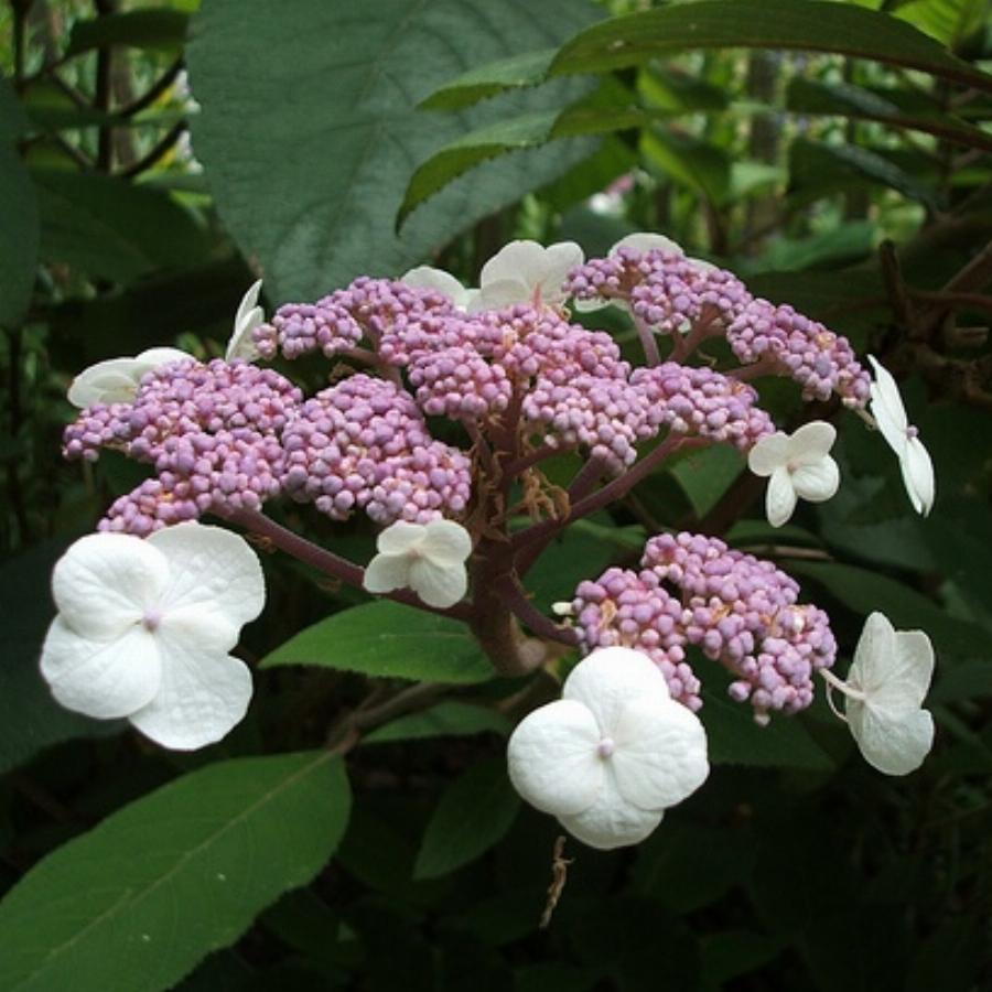 Высота до 1,5 м. Это растение с бархатистой темно-зеленой листвой и огромными цветочными головками, которые раскрываются в конце лета. Внутренние цветки фиолетовые, они, как нимбом, окружены внешними, бледно-розовыми. Отличный медонос. Предпочитает полутень. Требует укрытия на зиму. На форумах пишут, что в Москве с укрытием зимует неплохо.
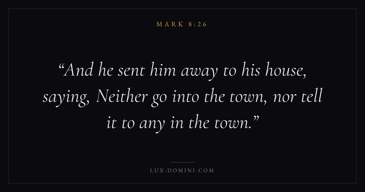 And he sent him away to his house, saying, Neither go into the town, nor tell it to any in the town.
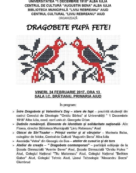 Vineri, 24 februarie, de la ora 13.00, în sala Ion I.C. Brătianu a Primăriei Municipiului Aiud se va desfăşura un eveniment pentru marcarea sărbătorii de Dragobete.
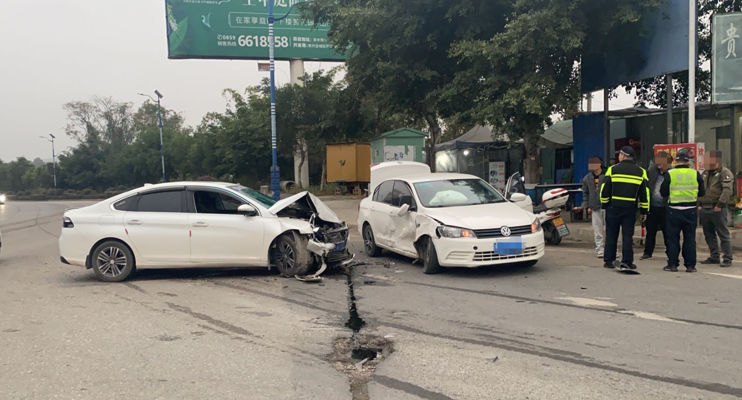 民警对现场进行勘察,通过现场勘查及查看周边公共场合视频,还原了事发经过,事发前,曾某驾驶小轿车由贞丰县城方向往者相方向直行,杨某驾驶小轿车由者相方向往杨家山方向右转弯行驶,当行驶至放杨家山的该岔路口时,两车发生碰撞,车辆因撞击力度较大直接瞬间弹出安全气囊,双方车辆均受损较重。所幸的是,双方车上人员在事故发生时都正确使用安全带,在如此之大的撞击下并未受伤。目前,该案正在进一步办理当中。
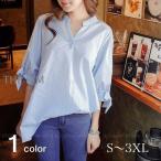 スキッパーシャツ レディース ブラウス 半袖 五分袖 ストライプ 袖リボン 春 夏 チュニック シャツ Vネック 大きいサイズ 可愛い
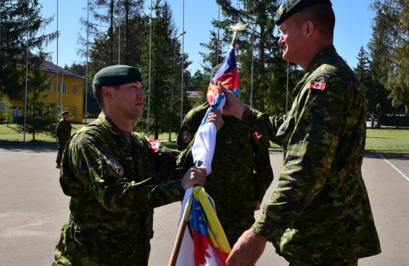 «Новий командувач Канадської сумісної оперативної групи в Україні, підполковник Уейн Нивен, офіційно і урочисто прийняв командування від підполковника Тіма Арсенаута. Команда з близько 200 канадських військовослужбовців прибула в Україну з місією проводити навчання з Збройними Силами України з питань навичок та володіння особистою зброєю, надання першої медичної допомоги, утилізація вибухонебезпечних боєприпасів тa саморобних вибухових пристроїв, методики військової поліції, модернізації військової підтримки, безпеки польотів а також підготовка з питань етики навчання.
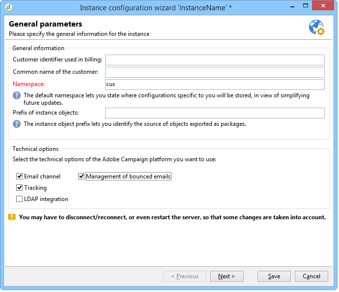 Adobe Campaign 클라이언트 콘솔에서 사용할 수 있는 그래픽 마법사를 사용하여 연결할 인스턴스의 매개 변수를 정의할 수 있습니다.
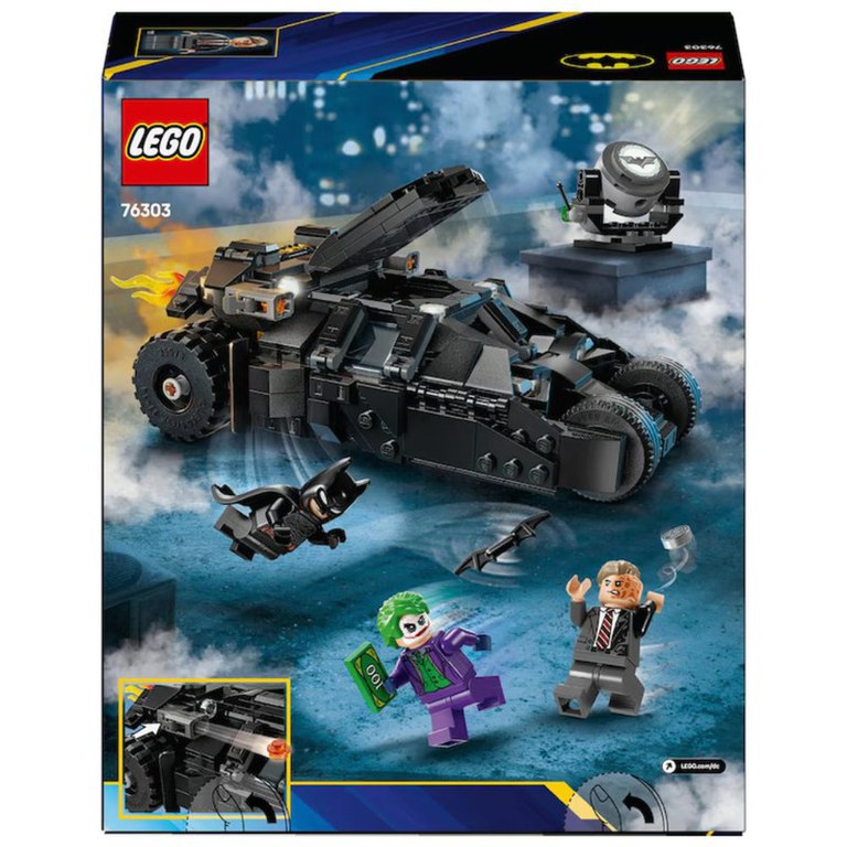 Batman Tumbler vs Two-Face si Joker (76303) este o jucarie distractiva pentru copiii pasionati de Batman, vehicule, creativitate LEGO si aventuri cu supereroi. Plaseaza actiunea cu vehiculul lui Batman in mainile micilor supereroi de 8+ ani cu acest set LEGO de calitate superioara, care include emblematicul vehicul Tumbler Batmobile din filmele clasice cu Cavalerul Negru. Acest set cu supereroi LEGO Batman include 3 minifigurine populare: Batman inarmat cu arma sa Batarang, Joker tinand in mana un teanc de bani si Two-Face cu moneda sa distinctiva de argint. Vehiculul construibil Tumbler Batmobile se deschide pentru a dezvalui un panou de instrumente si un cockpit cu spatiu pentru Batman. Un element flacara detasabil iese din teava de esapament a vehiculului. Proiectorul Bat-Signal (nu se aprinde) se inclina si se roteste 360 de grade in ambele directii. Pentru mai multa distractie digitala, constructorii pot apropia si roti modelele in 3D si isi pot urmari progresul folosind aplicatia distractiva si intuitiva LEGO Builder. Numar piese: 429.

★ ★ ★

YOUR ASSIGNMENT = With pictures omitted, restate exactly every line from the one containing "Vineri, 24 februarie, de" through the last line of the material, inclusive.

EXERCISE OUTPUT =
 Vineri, 24 februarie, de la ora 13.00, în sala Ion I.C. Brătianu a Primăriei Municipiului Aiud se va desfăşura un eveniment pentru marcarea sărbătorii de Dragobete.
 民警对现场进行勘察,通过现场勘查及查看周边公共场合视频,还原了事发经过,事发前,曾某驾驶小轿车由贞丰县城方向往者相方向直行,杨某驾驶小轿车由者相方向往杨家山方向右转弯行驶,当行驶至放杨家山的该岔路口时,两车发生碰撞,车辆因撞击力度较大直接瞬间弹出安全气囊,双方车辆均受损较重。所幸的是,双方车上人员在事故发生时都正确使用安全带,在如此之大的撞击下并未受伤。目前,该案正在进一步办理当中。
 スキッパーシャツ レディース ブラウス 半袖 五分袖 ストライプ 袖リボン 春 夏 チュニック シャツ Vネック 大きいサイズ 可愛い
 «Новий командувач Канадської сумісної оперативної групи в Україні, підполковник Уейн Нивен, офіційно і урочисто прийняв командування від підполковника Тіма Арсенаута. Команда з близько 200 канадських військовослужбовців прибула в Україну з місією проводити навчання з Збройними Силами України з питань навичок та володіння особистою зброєю, надання першої медичної допомоги, утилізація вибухонебезпечних боєприпасів тa саморобних вибухових пристроїв, методики військової поліції, модернізації військової підтримки, безпеки польотів а також підготовка з питань етики навчання.
 Adobe Campaign 클라이언트 콘솔에서 사용할 수 있는 그래픽 마법사를 사용하여 연결할 인스턴스의 매개 변수를 정의할 수 있습니다.
 Batman Tumbler vs Two-Face si Joker (76303) este o jucarie distractiva pentru copiii pasionati de Batman, vehicule, creativitate LEGO si aventuri cu supereroi. Plaseaza actiunea cu vehiculul lui Batman in mainile micilor supereroi de 8+ ani cu acest set LEGO de calitate superioara, care include emblematicul vehicul Tumbler Batmobile din filmele clasice cu Cavalerul Negru. Acest set cu supereroi LEGO Batman include 3 minifigurine populare: Batman inarmat cu arma sa Batarang, Joker tinand in mana un teanc de bani si Two-Face cu moneda sa distinctiva de argint. Vehiculul construibil Tumbler Batmobile se deschide pentru a dezvalui un panou de instrumente si un cockpit cu spatiu pentru Batman. Un element flacara detasabil iese din teava de esapament a vehiculului. Proiectorul Bat-Signal (nu se aprinde) se inclina si se roteste 360 de grade in ambele directii. Pentru mai multa distractie digitala, constructorii pot apropia si roti modelele in 3D si isi pot urmari progresul folosind aplicatia distractiva si intuitiva LEGO Builder. Numar piese: 429.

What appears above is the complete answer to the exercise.